From 41efc3acef40749ff50af7e227c22ab34eb6712a Mon Sep 17 00:00:00 2001
From: NinaCai <ninacai@google.com>
Date: Wed, 13 May 2026 02:30:14 +0000
Subject: [PATCH 1/2] kill subprocesses when server process is killed

---
 .../hitl_agent/server_utils/cpu_server.py     | 17 +++++++++-------
 .../server_utils/server_manager_mixin.py      |  7 +++++++
 MaxKernel/hitl_agent/server_utils/setup.sh    |  4 +++-
 .../hitl_agent/server_utils/tpu_server.py     | 17 +++++++++-------
 .../subagents/autotuning/autotune_tool.py     | 20 +++++++++++++++++--
 5 files changed, 48 insertions(+), 17 deletions(-)
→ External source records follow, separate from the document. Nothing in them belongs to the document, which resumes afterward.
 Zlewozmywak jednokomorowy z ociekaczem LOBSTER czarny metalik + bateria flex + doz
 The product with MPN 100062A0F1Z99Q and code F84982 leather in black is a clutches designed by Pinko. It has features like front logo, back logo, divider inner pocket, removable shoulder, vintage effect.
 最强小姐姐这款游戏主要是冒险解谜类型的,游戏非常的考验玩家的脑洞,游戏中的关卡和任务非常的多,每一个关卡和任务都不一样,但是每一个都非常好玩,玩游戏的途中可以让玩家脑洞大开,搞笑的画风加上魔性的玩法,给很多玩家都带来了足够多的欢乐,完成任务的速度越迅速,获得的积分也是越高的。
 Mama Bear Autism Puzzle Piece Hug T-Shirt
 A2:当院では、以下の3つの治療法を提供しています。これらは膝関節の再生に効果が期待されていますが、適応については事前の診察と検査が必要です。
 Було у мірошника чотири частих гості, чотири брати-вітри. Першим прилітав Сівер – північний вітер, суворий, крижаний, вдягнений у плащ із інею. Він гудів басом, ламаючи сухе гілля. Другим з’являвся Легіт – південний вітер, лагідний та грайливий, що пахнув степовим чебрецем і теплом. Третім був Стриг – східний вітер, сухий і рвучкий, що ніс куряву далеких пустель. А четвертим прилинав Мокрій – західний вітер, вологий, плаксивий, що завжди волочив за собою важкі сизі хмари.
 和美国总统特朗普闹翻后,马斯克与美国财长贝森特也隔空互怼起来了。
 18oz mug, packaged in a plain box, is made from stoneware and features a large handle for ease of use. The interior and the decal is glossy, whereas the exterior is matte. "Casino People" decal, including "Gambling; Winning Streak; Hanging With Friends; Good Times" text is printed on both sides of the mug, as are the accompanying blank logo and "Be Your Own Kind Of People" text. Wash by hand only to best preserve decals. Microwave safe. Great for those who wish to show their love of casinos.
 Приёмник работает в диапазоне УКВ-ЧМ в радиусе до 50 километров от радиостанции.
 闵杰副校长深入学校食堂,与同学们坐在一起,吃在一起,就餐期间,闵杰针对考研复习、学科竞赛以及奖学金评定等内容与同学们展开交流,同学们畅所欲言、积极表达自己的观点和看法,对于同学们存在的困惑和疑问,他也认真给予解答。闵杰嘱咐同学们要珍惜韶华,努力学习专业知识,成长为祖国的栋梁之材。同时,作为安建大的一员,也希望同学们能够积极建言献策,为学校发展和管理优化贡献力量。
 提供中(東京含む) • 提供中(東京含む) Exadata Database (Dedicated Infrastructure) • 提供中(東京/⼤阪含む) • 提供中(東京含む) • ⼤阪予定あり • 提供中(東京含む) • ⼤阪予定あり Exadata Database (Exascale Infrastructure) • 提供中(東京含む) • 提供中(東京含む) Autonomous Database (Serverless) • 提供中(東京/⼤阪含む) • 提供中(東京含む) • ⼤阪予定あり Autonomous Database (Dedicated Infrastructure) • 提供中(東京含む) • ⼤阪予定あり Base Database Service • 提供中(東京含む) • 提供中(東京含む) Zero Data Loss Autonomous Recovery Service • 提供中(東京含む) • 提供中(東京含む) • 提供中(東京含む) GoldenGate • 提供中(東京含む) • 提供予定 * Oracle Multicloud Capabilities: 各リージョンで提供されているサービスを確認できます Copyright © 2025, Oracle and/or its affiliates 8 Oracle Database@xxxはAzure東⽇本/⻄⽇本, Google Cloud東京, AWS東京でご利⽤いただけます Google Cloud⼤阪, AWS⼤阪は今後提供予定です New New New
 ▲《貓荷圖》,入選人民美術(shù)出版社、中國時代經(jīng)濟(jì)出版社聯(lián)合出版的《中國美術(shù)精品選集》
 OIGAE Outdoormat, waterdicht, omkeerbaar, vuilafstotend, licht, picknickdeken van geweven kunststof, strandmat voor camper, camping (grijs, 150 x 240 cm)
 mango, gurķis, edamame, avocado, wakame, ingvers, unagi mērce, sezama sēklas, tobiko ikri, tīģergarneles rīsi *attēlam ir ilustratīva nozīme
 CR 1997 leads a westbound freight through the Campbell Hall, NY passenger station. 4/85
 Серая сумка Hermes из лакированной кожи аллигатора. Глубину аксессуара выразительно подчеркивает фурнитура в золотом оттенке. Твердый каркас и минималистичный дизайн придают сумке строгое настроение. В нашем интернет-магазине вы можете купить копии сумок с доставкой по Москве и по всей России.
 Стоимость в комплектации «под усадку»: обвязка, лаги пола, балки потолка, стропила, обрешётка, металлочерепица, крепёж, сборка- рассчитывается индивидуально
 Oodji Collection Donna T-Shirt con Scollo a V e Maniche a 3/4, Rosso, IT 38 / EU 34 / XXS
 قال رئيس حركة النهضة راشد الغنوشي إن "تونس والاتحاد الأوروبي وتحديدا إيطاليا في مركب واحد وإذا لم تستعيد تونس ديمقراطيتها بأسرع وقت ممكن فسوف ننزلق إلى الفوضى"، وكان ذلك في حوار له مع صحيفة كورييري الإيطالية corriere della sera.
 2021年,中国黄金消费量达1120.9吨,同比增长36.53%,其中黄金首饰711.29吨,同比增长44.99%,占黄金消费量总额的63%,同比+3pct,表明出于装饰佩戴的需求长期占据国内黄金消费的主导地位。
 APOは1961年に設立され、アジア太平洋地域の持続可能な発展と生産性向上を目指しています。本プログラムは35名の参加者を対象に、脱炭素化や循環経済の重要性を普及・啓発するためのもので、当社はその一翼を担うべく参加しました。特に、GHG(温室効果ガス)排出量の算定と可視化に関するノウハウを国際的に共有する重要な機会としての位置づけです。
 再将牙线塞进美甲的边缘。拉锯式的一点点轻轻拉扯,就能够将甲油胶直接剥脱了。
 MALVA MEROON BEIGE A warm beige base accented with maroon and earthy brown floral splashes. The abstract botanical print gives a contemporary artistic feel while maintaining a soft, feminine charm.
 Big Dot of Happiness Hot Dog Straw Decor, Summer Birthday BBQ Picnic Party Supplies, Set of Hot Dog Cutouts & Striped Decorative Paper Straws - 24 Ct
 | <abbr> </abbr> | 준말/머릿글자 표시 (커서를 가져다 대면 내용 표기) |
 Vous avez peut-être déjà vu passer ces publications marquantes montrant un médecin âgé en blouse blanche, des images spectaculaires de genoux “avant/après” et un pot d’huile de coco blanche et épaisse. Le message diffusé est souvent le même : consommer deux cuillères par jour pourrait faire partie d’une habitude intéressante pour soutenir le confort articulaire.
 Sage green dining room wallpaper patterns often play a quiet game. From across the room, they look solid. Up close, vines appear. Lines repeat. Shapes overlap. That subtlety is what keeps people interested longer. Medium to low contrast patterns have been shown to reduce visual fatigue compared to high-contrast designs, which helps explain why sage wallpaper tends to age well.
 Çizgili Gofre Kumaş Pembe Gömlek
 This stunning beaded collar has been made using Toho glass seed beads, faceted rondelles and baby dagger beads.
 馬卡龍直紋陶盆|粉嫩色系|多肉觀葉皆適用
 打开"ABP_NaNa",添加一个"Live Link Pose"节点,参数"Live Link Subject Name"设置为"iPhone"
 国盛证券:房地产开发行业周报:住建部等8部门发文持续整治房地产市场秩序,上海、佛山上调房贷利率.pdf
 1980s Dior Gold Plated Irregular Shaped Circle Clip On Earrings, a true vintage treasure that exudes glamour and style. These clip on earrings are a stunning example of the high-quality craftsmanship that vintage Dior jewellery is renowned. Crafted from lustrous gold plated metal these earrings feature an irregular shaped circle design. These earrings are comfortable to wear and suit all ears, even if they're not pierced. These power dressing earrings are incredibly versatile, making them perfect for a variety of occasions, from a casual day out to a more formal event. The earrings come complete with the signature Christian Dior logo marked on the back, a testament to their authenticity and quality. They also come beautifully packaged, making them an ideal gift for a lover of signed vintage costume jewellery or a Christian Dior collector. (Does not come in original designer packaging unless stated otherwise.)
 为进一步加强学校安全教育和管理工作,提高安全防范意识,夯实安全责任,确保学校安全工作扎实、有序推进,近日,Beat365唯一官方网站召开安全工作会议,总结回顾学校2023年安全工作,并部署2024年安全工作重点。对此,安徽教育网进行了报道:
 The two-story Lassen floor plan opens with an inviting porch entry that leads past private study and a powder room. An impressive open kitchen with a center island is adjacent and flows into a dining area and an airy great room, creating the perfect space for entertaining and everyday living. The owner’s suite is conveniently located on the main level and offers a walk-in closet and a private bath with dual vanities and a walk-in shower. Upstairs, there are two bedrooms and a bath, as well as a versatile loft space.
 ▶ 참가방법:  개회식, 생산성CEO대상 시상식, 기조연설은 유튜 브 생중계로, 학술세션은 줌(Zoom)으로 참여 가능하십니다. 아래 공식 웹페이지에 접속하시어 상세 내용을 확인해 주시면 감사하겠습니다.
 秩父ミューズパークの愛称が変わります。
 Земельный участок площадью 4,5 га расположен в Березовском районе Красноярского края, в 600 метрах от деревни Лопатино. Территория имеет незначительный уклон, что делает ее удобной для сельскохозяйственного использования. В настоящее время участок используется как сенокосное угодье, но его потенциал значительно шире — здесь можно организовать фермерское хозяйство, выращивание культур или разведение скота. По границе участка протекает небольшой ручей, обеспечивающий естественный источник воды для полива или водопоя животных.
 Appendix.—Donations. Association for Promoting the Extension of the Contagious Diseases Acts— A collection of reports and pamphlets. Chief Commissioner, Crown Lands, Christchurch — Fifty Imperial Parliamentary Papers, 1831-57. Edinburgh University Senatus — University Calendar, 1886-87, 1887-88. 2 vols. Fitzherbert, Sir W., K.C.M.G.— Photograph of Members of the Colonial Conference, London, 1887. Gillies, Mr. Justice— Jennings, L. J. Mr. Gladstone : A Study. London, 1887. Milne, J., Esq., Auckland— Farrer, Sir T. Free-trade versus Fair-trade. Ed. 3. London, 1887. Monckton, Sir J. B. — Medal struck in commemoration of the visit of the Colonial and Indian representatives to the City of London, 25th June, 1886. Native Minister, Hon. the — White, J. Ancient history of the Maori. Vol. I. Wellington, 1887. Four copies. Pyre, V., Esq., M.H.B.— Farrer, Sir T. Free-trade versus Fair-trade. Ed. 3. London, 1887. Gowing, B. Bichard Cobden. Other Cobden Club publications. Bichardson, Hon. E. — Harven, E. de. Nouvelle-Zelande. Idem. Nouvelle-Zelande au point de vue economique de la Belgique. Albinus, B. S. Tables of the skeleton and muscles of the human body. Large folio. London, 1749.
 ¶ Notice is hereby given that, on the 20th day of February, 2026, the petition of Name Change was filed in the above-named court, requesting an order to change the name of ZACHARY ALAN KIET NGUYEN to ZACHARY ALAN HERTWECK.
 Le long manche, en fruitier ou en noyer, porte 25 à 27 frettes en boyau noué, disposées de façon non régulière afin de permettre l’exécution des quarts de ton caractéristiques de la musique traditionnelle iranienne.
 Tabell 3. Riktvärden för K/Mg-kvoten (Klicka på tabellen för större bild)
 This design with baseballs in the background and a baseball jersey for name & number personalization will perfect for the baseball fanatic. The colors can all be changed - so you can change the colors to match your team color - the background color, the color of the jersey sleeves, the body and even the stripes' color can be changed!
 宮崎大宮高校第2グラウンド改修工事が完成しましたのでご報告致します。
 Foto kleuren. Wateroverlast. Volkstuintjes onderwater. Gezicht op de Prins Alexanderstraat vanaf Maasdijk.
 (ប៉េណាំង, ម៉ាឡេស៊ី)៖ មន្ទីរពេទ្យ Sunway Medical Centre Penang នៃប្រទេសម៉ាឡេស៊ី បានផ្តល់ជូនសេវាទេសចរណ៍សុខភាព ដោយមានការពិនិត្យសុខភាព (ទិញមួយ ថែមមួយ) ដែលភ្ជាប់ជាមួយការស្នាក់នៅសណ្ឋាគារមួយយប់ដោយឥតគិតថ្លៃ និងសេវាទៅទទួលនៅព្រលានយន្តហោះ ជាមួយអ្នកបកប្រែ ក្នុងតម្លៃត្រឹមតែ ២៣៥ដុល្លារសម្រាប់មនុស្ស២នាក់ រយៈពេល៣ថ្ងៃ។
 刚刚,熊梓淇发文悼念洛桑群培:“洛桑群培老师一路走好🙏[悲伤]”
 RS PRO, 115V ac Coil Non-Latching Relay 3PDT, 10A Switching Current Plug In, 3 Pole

diff --git a/MaxKernel/hitl_agent/server_utils/cpu_server.py b/MaxKernel/hitl_agent/server_utils/cpu_server.py
index 4a12590..63fe40c 100644
--- a/MaxKernel/hitl_agent/server_utils/cpu_server.py
+++ b/MaxKernel/hitl_agent/server_utils/cpu_server.py
@@ -97,7 +97,7 @@ async def compilation_test(request: CodeRequest):
       request.code = code_content
       # Create a temporary file to store the code
       with tempfile.NamedTemporaryFile(
-        mode="w", suffix=".py", delete=False
+        mode="w", suffix=".py", prefix="hitl_eval_", delete=False
       ) as temp_file:
         temp_file.write(request.code)
         temp_file_path = temp_file.name
@@ -180,7 +180,7 @@ async def correctness_test(request: CodeRequest):
       request.code = code_content
       # Create a temporary file to store the code
       with tempfile.NamedTemporaryFile(
-        mode="w", suffix=".py", delete=False
+        mode="w", suffix=".py", prefix="hitl_eval_", delete=False
       ) as temp_file:
         temp_file.write(request.code)
         temp_file_path = temp_file.name
@@ -262,7 +262,7 @@ async def performance_test(request: CodeRequest):
       request.code = code_content
       # Create a temporary file to store the code
       with tempfile.NamedTemporaryFile(
-        mode="w", suffix=".py", delete=False
+        mode="w", suffix=".py", prefix="hitl_eval_", delete=False
       ) as temp_file:
         temp_file.write(request.code)
         temp_file_path = temp_file.name
@@ -340,11 +340,12 @@ async def autotune(request: AutotuneRequest):
 
         # Execute the code
         with tempfile.NamedTemporaryFile(
-          mode="w", suffix=".py", delete=False
+          mode="w", suffix=".py", prefix="hitl_eval_", delete=False
         ) as temp_file:
           temp_file.write(code_content)
           temp_file_path = temp_file.name
 
+        process = None
         try:
           process = await asyncio.create_subprocess_exec(
             sys.executable,
@@ -383,8 +384,9 @@ async def autotune(request: AutotuneRequest):
 
         except asyncio.TimeoutError:
           logging.warning(f"Config {cfg} timed out")
-          process.kill()
-          await process.wait()
+          if process:
+            process.kill()
+            await process.wait()
         except Exception as e:
           logging.error(f"Error running config {cfg}: {e}")
         finally:
@@ -392,6 +394,7 @@ async def autotune(request: AutotuneRequest):
             os.unlink(temp_file_path)
           except OSError:
             pass
+          await asyncio.sleep(2)
 
       if best_cfg is None:
         return CodeResponse(
@@ -442,7 +445,7 @@ async def profile(request: CodeRequest):
       request.code = code_content
       # Create a temporary directory to store the code and any generated files
 
-      temp_dir = tempfile.mkdtemp()
+      temp_dir = tempfile.mkdtemp(prefix="hitl_eval_")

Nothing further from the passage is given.